• _What is required_
Please, from the entries below, transcribe exactly the lines that begin at the line with "株式会社NIJIN(本社:東" and end at the line with "An original art", without the pictures.

== The input ==

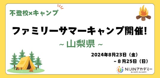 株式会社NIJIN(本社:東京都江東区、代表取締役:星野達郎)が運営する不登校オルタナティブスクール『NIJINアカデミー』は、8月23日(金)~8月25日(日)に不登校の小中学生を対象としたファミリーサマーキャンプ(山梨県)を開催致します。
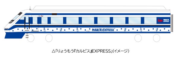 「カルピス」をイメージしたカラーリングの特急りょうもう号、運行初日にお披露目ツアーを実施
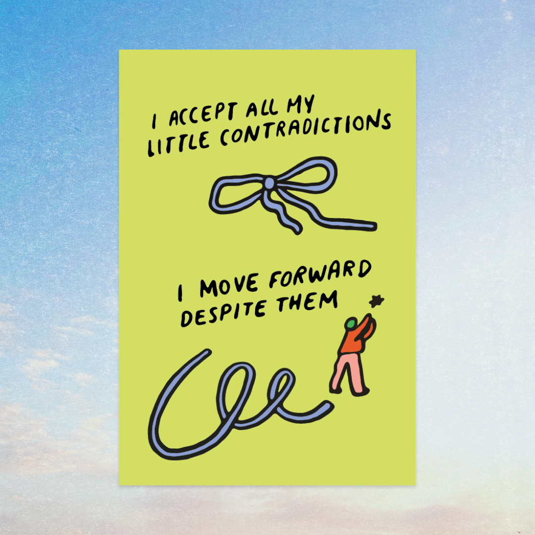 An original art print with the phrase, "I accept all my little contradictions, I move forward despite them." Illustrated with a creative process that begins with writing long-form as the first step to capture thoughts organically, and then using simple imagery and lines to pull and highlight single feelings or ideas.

===
== The input ==

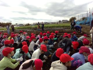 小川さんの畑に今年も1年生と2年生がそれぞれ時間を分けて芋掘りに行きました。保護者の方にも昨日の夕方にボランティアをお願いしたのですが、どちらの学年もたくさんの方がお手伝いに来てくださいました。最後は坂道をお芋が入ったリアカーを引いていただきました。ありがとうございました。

===

• _Result of the exercise_
 株式会社NIJIN(本社:東京都江東区、代表取締役:星野達郎)が運営する不登校オルタナティブスクール『NIJINアカデミー』は、8月23日(金)~8月25日(日)に不登校の小中学生を対象としたファミリーサマーキャンプ(山梨県)を開催致します。
 「カルピス」をイメージしたカラーリングの特急りょうもう号、運行初日にお披露目ツアーを実施
 An original art print with the phrase, "I accept all my little contradictions, I move forward despite them." Illustrated with a creative process that begins with writing long-form as the first step to capture thoughts organically, and then using simple imagery and lines to pull and highlight single feelings or ideas.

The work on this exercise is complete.